### EXERCISE
Pictures must be kept out of the copy. Every entry is to be duplicated exactly.
BEGIN SUPPLIED DATA
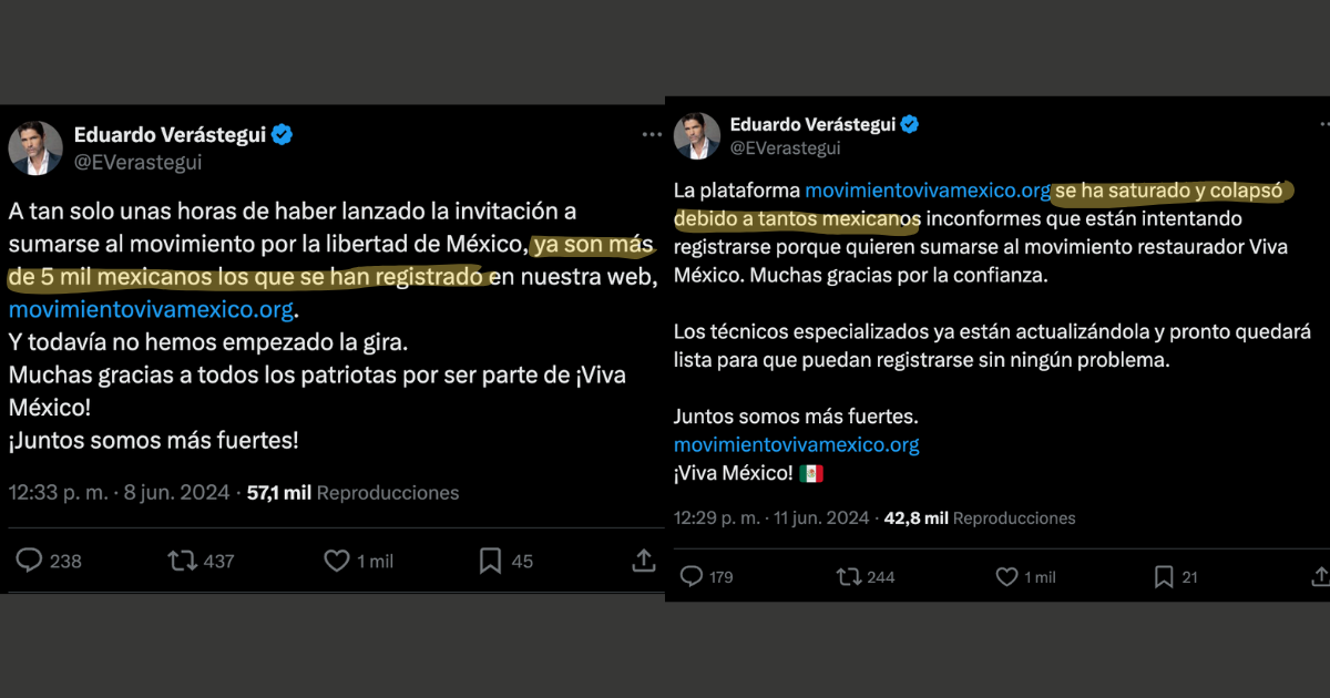 Si bien, no es posible saber cuántas personas se han registrado hasta el momento, el ex-actor y productor señaló en su cuenta personal de X que tras un día de lanzamiento, el movimiento Viva México contaba ya con 5 mil suscriptores y que había colapsado la plataforma por exceso de demandas. Es notorio decir que a la fecha de publicación de este reportaje, la información dicha por Verástegui no ha podido ser corroborada.
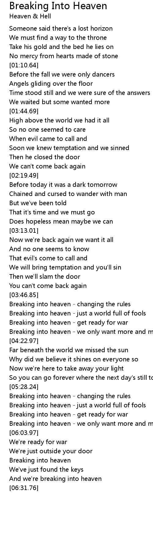Breaking into heaven |
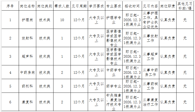 樂(lè)安縣總醫(yī)院中醫(yī)院分院見(jiàn)習(xí)崗位統(tǒng)一招聘崗位表
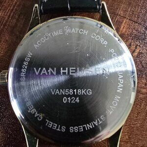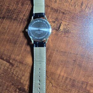 Van Heusen diamond watch. 44mm gold tone case with black dial, diamonds at 12 and 6. Black leather strap with gold buckle. New battery. Watch has signs of being worn but still in very good condition
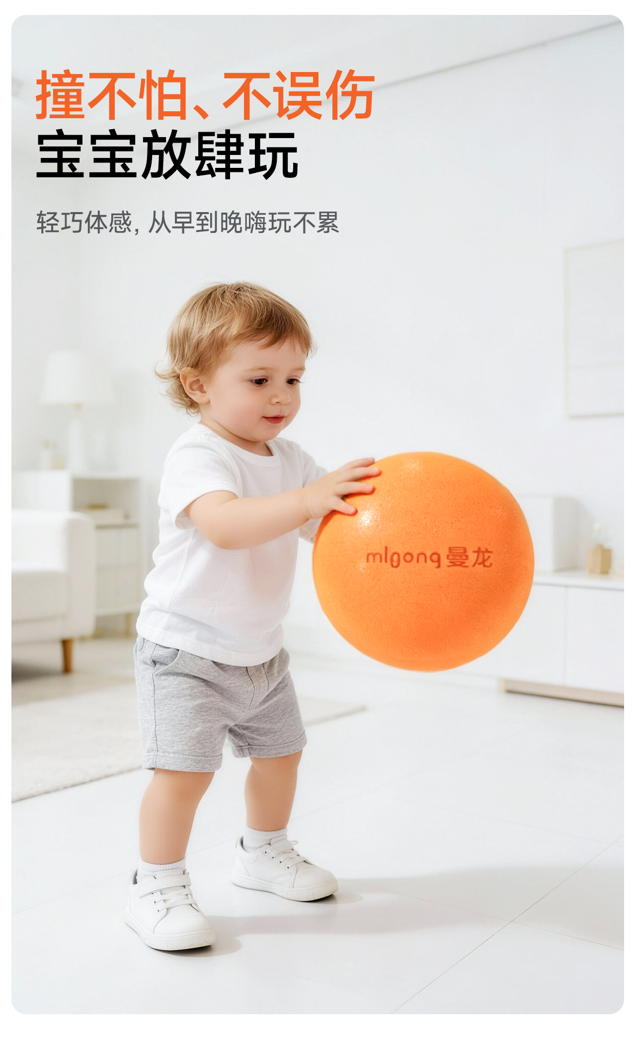 【春日趣玩FUN】曼龙mloong果冻静音球拍拍球室内无声球2岁+儿童弹力训练玩具
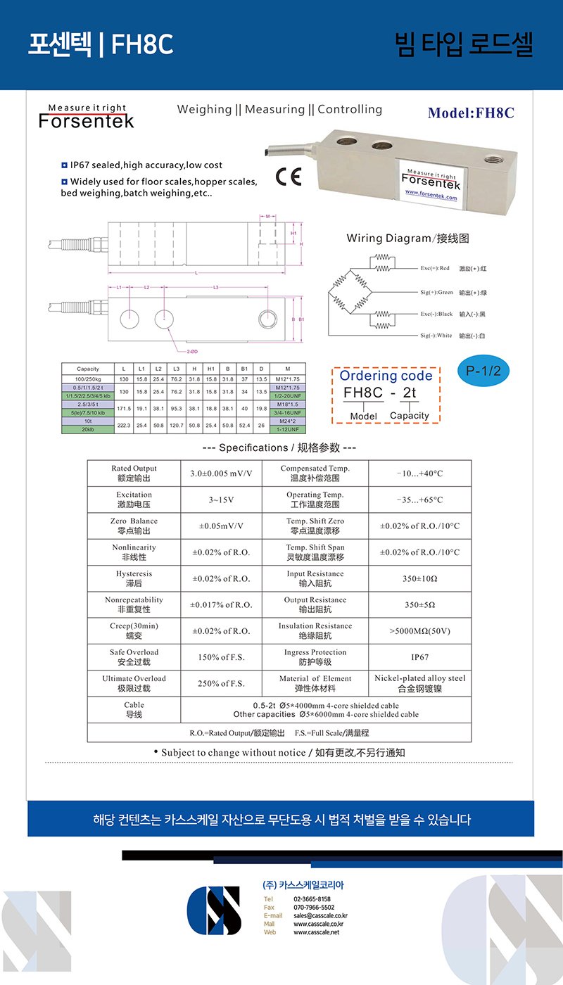 Shear beam load cell FH8C utilizes strain gauge technology to deliver 3.0mV/V rated output with wide measuring ranges from 100kg up to 10 ton to choose from, temperature compensated with maximum 0.02% non-linearity. High accuracy, competitive price, IP67 hermetically sealed, you may find loadcell FH8C applicable for platform scales, batch weighing, hopper scales, garbage weighing system, medical bed weighing,etc..
END SUPPLIED DATA
### OUTPUT BELOW
 Si bien, no es posible saber cuántas personas se han registrado hasta el momento, el ex-actor y productor señaló en su cuenta personal de X que tras un día de lanzamiento, el movimiento Viva México contaba ya con 5 mil suscriptores y que había colapsado la plataforma por exceso de demandas. Es notorio decir que a la fecha de publicación de este reportaje, la información dicha por Verástegui no ha podido ser corroborada.
Breaking into heaven |
 樂(lè)安縣總醫(yī)院中醫(yī)院分院見(jiàn)習(xí)崗位統(tǒng)一招聘崗位表
 Van Heusen diamond watch. 44mm gold tone case with black dial, diamonds at 12 and 6. Black leather strap with gold buckle. New battery. Watch has signs of being worn but still in very good condition
 【春日趣玩FUN】曼龙mloong果冻静音球拍拍球室内无声球2岁+儿童弹力训练玩具
 Shear beam load cell FH8C utilizes strain gauge technology to deliver 3.0mV/V rated output with wide measuring ranges from 100kg up to 10 ton to choose from, temperature compensated with maximum 0.02% non-linearity. High accuracy, competitive price, IP67 hermetically sealed, you may find loadcell FH8C applicable for platform scales, batch weighing, hopper scales, garbage weighing system, medical bed weighing,etc..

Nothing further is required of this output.